Source records:
───

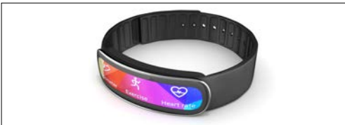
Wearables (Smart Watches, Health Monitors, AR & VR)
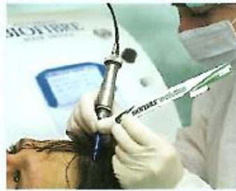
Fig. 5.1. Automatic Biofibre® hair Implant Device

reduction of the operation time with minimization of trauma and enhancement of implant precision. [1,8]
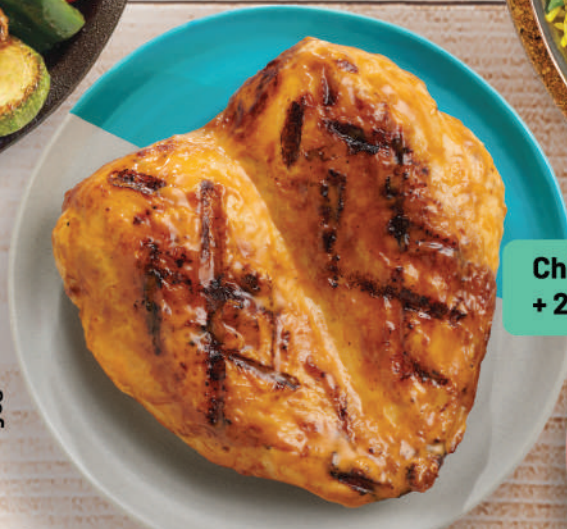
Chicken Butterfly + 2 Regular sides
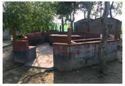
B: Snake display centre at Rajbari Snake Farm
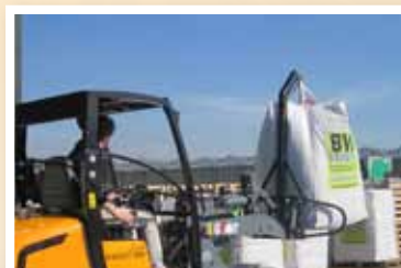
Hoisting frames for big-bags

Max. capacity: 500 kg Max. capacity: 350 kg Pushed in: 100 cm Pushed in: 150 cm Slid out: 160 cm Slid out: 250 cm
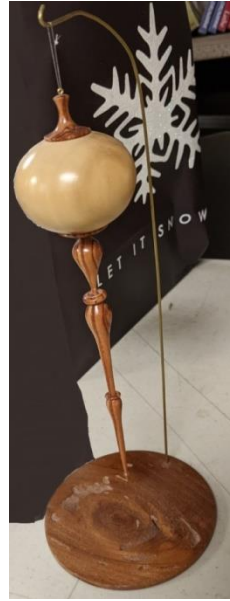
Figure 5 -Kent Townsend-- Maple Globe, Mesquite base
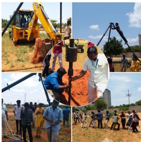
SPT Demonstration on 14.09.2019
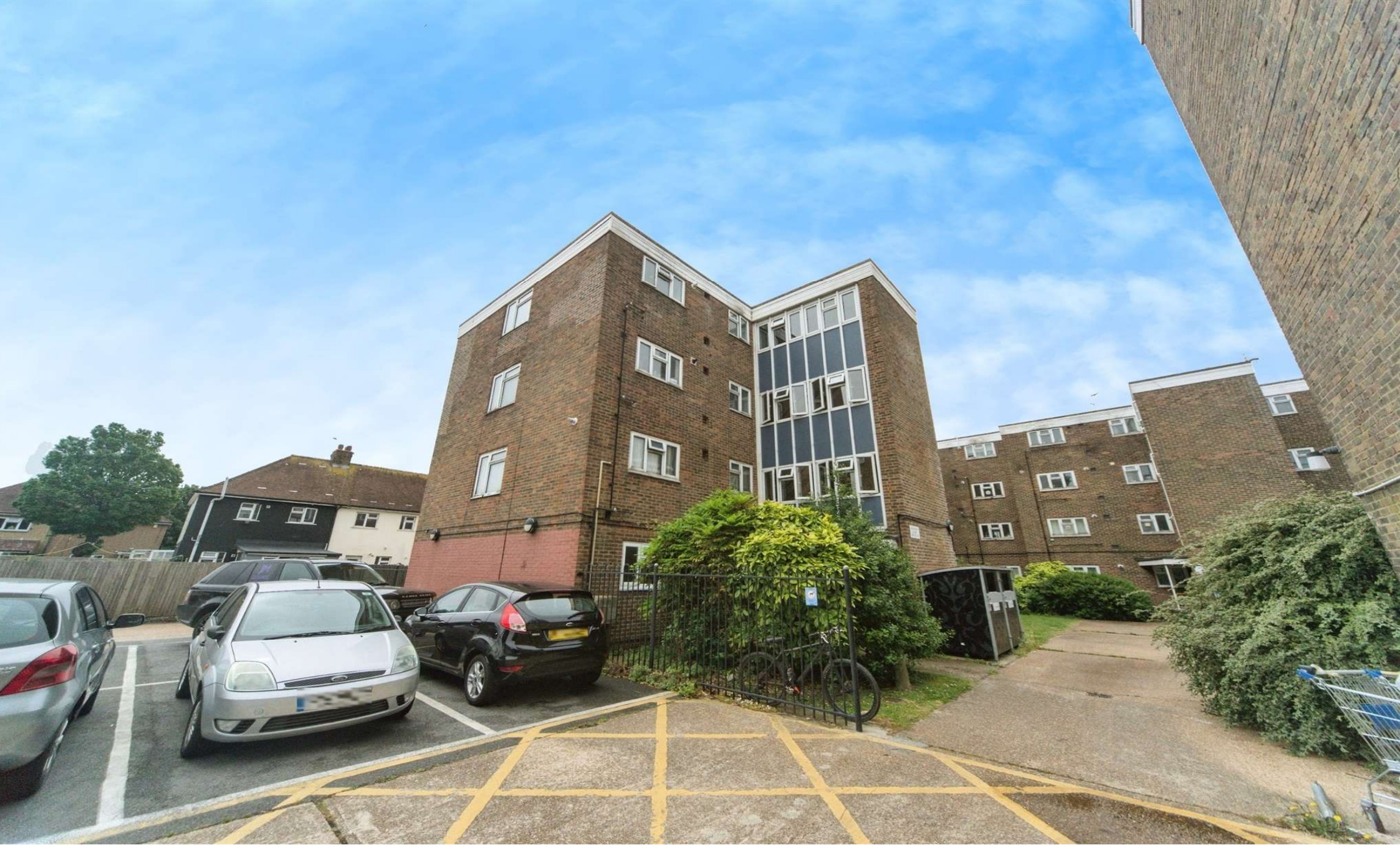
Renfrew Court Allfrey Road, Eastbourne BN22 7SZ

───

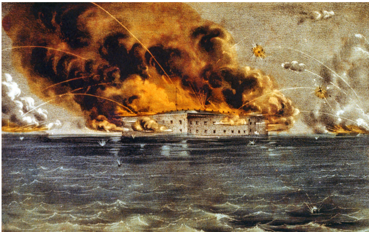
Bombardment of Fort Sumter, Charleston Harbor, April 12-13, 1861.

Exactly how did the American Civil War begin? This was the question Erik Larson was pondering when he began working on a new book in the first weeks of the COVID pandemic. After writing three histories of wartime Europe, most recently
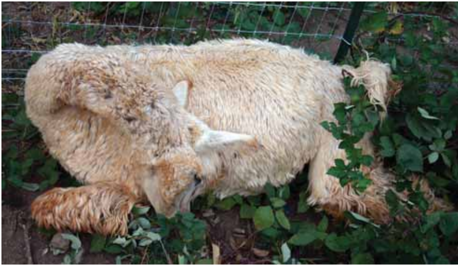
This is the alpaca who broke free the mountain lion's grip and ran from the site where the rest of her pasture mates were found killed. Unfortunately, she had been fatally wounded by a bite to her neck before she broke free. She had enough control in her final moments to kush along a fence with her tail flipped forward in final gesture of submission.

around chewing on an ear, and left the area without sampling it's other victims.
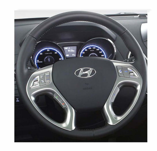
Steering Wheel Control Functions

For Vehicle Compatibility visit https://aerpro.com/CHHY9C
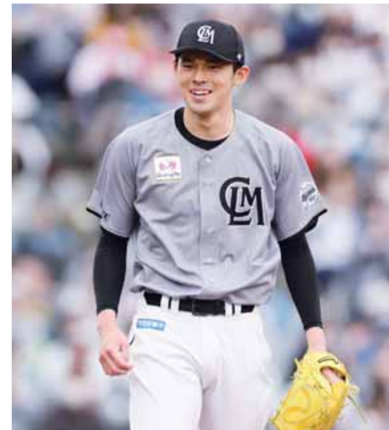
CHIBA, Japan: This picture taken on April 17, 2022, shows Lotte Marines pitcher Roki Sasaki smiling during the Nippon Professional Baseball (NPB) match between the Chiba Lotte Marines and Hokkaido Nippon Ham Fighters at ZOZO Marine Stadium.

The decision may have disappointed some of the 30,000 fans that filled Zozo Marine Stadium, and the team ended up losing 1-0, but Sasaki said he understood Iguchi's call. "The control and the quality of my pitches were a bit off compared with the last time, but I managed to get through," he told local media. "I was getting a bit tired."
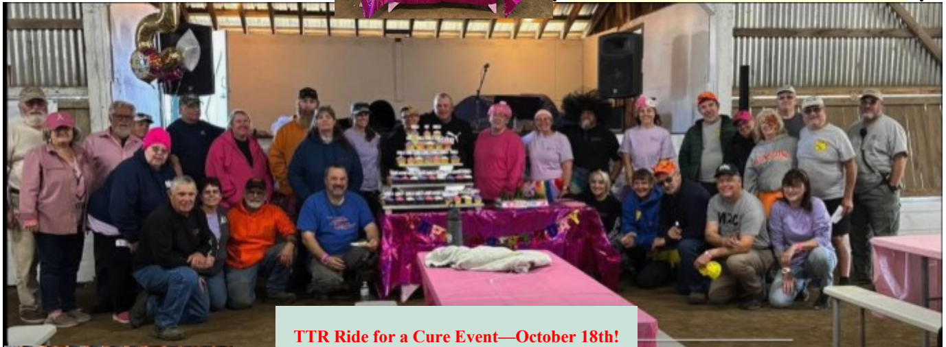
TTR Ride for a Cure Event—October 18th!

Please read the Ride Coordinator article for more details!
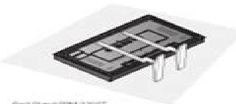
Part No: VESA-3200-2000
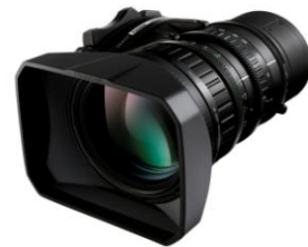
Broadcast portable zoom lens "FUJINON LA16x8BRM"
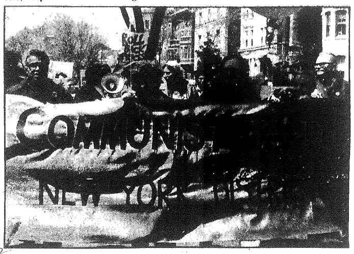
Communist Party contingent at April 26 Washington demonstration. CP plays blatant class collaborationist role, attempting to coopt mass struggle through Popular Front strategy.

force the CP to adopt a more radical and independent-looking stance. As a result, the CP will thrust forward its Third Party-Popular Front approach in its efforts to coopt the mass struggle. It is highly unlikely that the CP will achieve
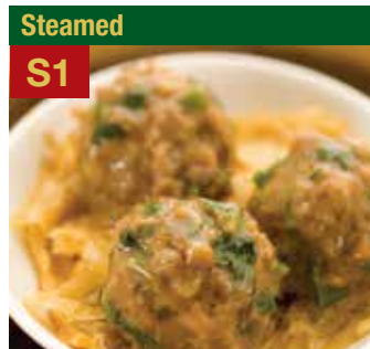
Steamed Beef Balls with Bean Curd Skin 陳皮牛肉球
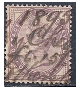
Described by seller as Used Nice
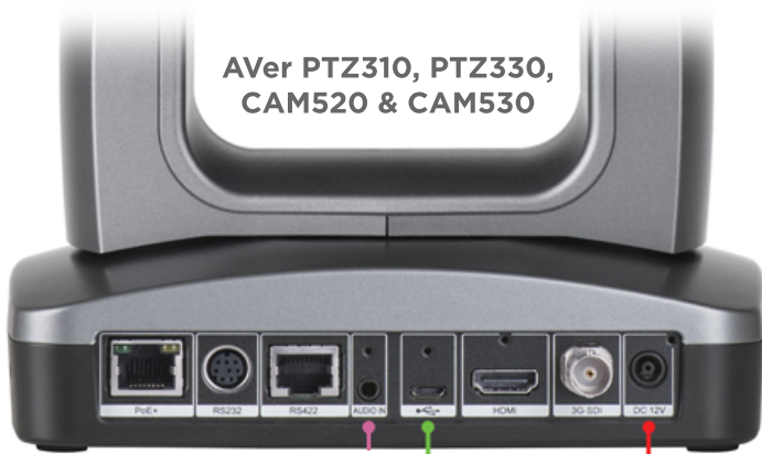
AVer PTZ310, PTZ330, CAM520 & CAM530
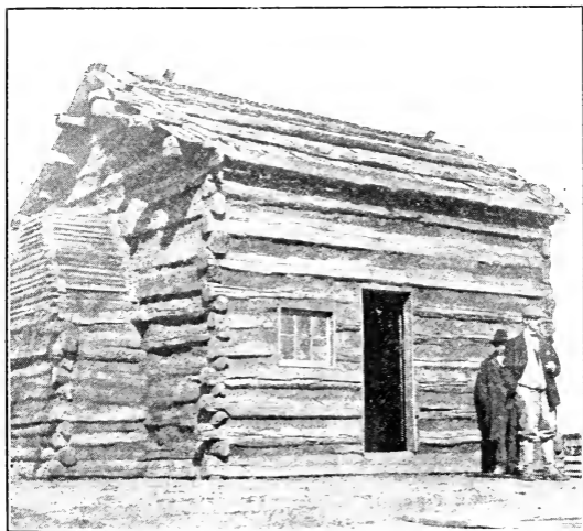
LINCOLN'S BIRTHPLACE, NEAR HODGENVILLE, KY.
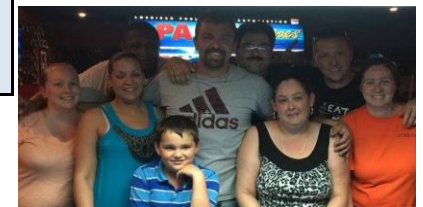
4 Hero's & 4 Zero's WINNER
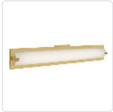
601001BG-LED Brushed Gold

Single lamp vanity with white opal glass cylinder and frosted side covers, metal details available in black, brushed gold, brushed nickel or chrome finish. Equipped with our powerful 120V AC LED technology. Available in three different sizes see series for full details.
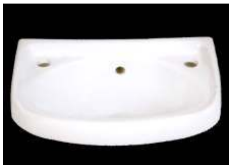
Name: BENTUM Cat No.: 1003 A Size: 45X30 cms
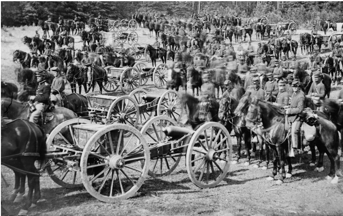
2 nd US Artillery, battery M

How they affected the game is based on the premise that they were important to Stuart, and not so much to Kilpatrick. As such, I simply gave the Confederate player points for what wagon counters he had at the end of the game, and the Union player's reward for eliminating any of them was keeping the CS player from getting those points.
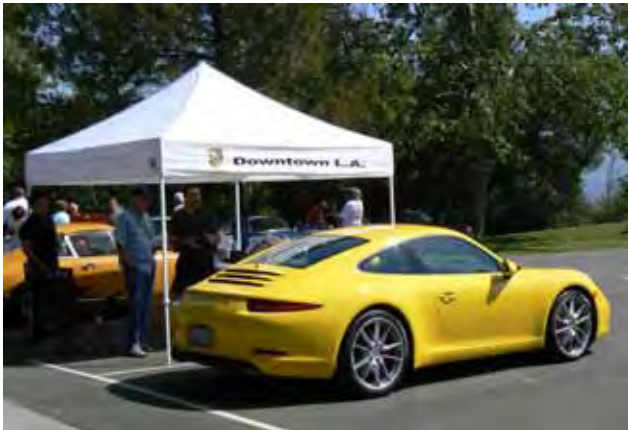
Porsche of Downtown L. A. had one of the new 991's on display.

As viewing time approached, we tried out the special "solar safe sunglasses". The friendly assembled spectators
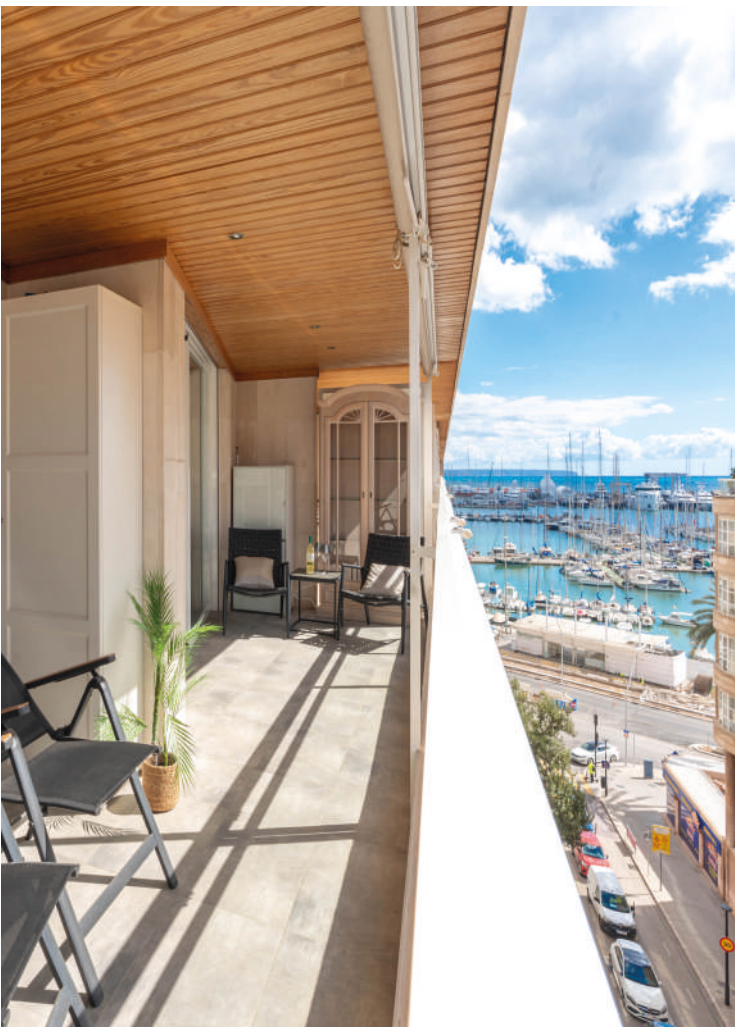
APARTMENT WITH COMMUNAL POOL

───

Exact copy, pictures excluded: from the line with "force the CP" up to and including the line with "Described by seller as Used Nice" in the data above.

force the CP to adopt a more radical and independent-looking stance. As a result, the CP will thrust forward its Third Party-Popular Front approach in its efforts to coopt the mass struggle. It is highly unlikely that the CP will achieve
Steamed Beef Balls with Bean Curd Skin 陳皮牛肉球
Described by seller as Used Nice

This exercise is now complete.